A stolen access token alone is not usable without the corresponding private key.

The supported DPoP signing algorithms are listed in the discovery metadata. Cirrus accepts ES256.

Scopes

OAuth tokens carry granular scopes. Cirrus checks the scope of the access token against the called endpoint.

Every token carries the base atproto scope. On top of that, the grammar supports:

Granular permissions for the five resource types: repo:, rpc:, blob:, account:, identity:. Each takes structured arguments (for example repo:app.bsky.feed.post?action=create or rpc:app.bsky.feed.getTimeline?aud=did:web:api.bsky.app).
Legacy transition scopes for back-compat with pre-granular clients: transition:generic covers everything except account: permissions, transition:email adds account:email, transition:chat.bsky adds RPC access for chat.bsky.*.
Permission-set includes of the form include:<nsid>?aud=<did>. Cirrus resolves these at authorize-time via the client’s published permission set and expands them inline into concrete granular scopes before the auth code is stored, so resource-server checks never need network access.

The metadata advertises the supported scope tokens (atproto, the five granular resources, the three transition scopes, and include when a permission-set resolver is configured).

For the canonical reference, see the AT Protocol OAuth specification.

PKCE

Proof Key for Code Exchange is required. The client generates a code_verifier, sends its hash as code_challenge in PAR, and proves possession at the token endpoint.

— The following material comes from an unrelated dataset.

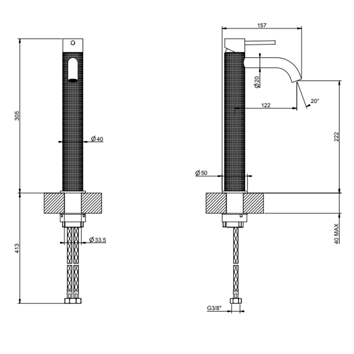 Смеситель Gessi Gessi316 54409#707 для раковины, черный хром браш pvd
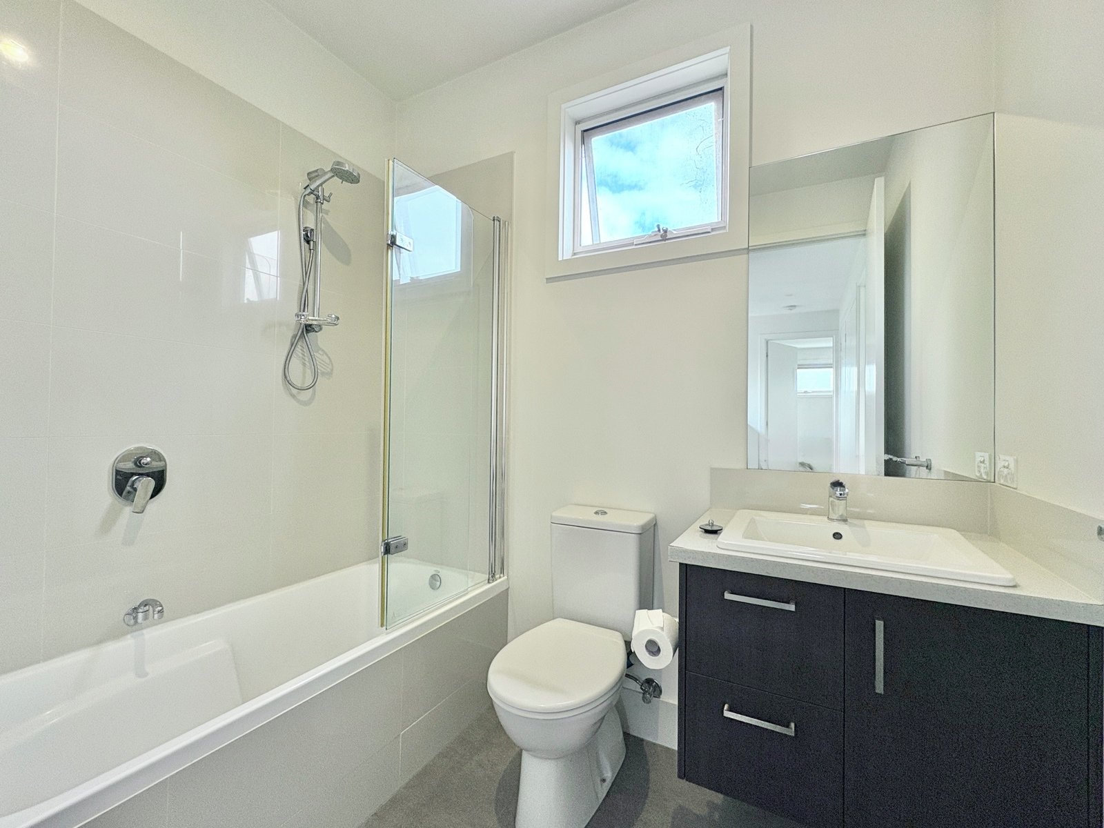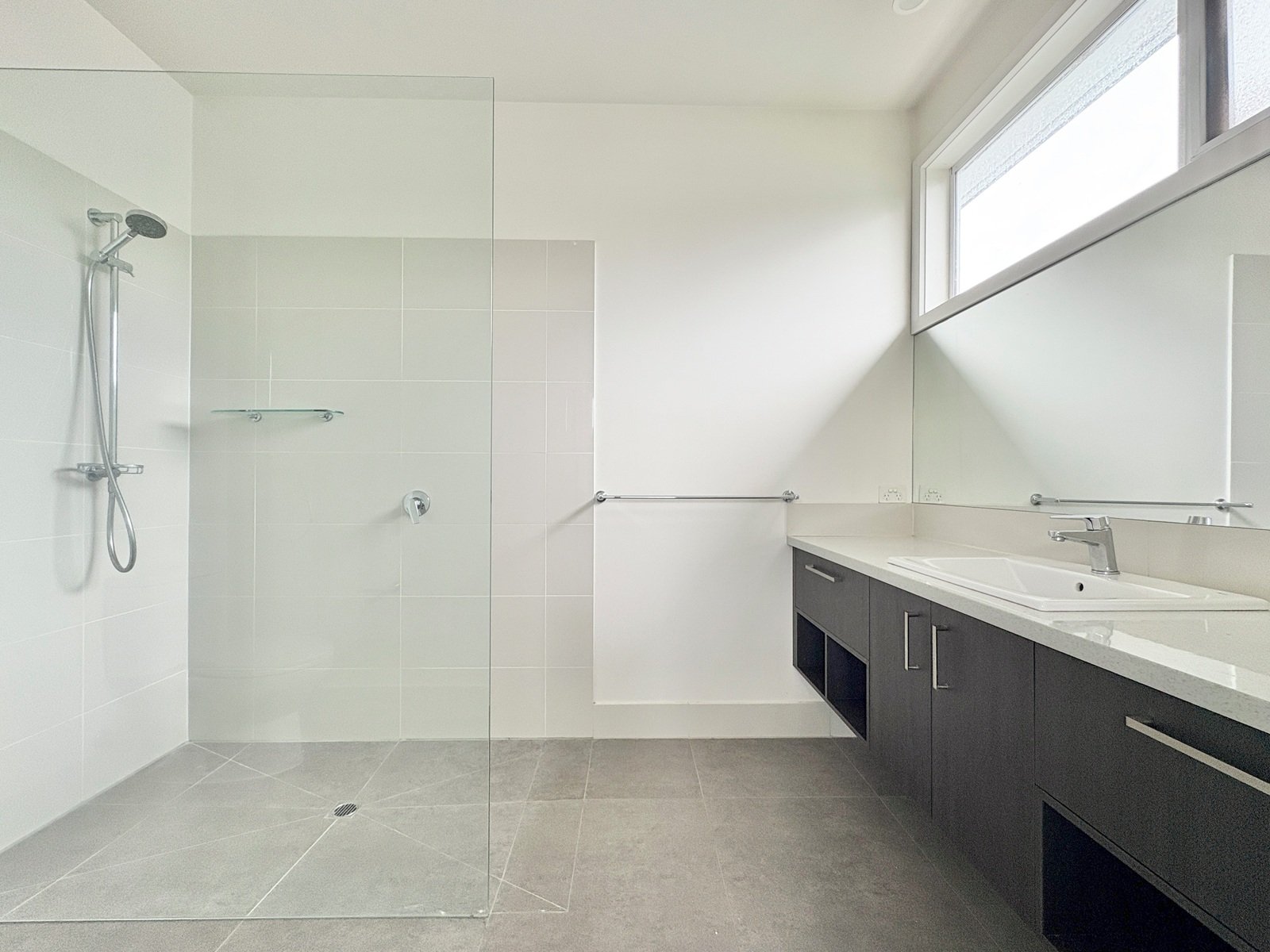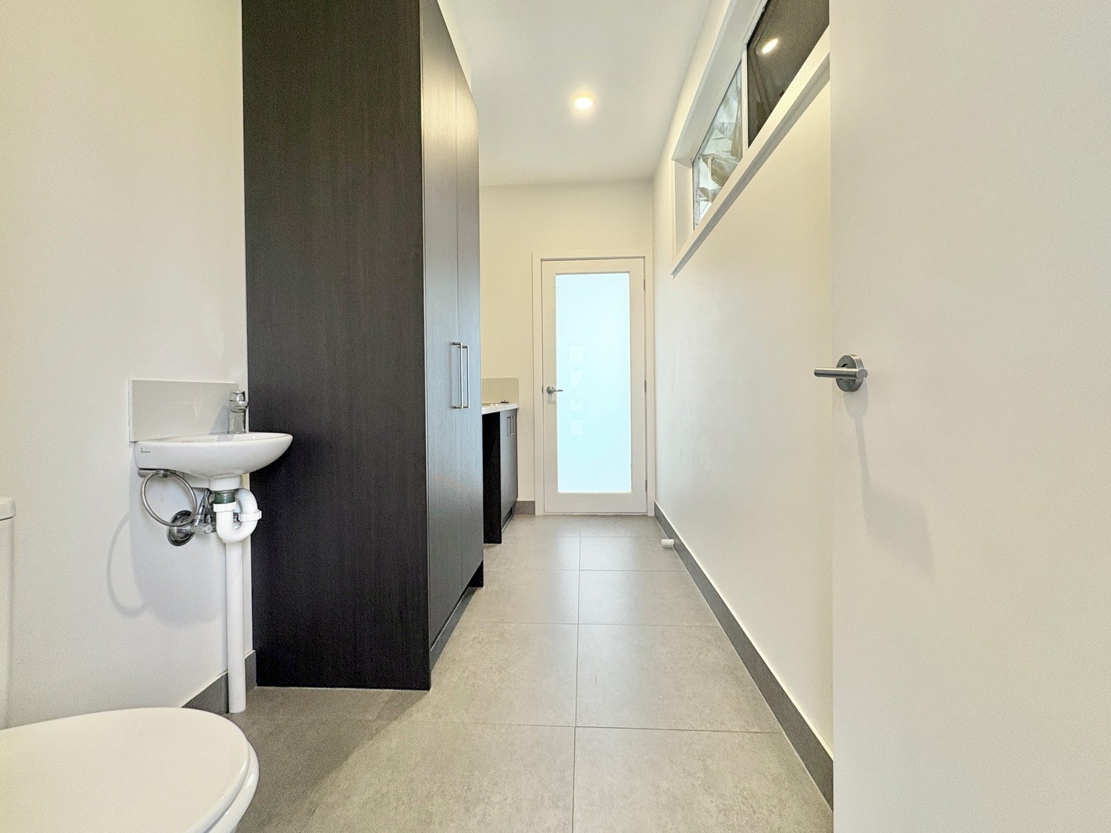 - Spacious laundry with toilet, vanity and external access

The supported challenge method is S256.

Client metadata

Cirrus discovers client metadata from the client’s client_id URL. The client publishes a JSON document describing itself (name, redirect URIs, supported scopes). This eliminates the registration step in conventional OAuth.

The client_id is the URL of the metadata document, for example https://my-client.example.com/client-metadata.json.

Storage

OAuth state (authorisation codes, access tokens, refresh tokens, PAR requests, DPoP nonces, client metadata cache) lives in the Durable Object’s SQLite. There is no external dependency.

Cleanup of expired records happens lazily on access. Long-idle PDSes do not accumulate cruft because nothing is queried.

Usage from a client

A typical client flow:

Fetch https://pds.example.com/.well-known/oauth-authorization-server.
Generate a key pair (for DPoP).
Push the authorisation request to /oauth/par.
Redirect the user to /oauth/authorize?request_uri=....
On callback, exchange the code at /oauth/token with a DPoP proof.
Use the access token (with a DPoP proof on each request) against any Cirrus XRPC endpoint.

For a reference implementation in TypeScript, see the atproto OAuth client library.

What is not supported

Implicit flow. Not part of OAuth 2.1.
Resource owner password credentials grant. Not part of OAuth 2.1.
Client secrets. Replaced by DPoP + client metadata discovery.
Token introspection endpoint. Cirrus does not expose /oauth/introspect.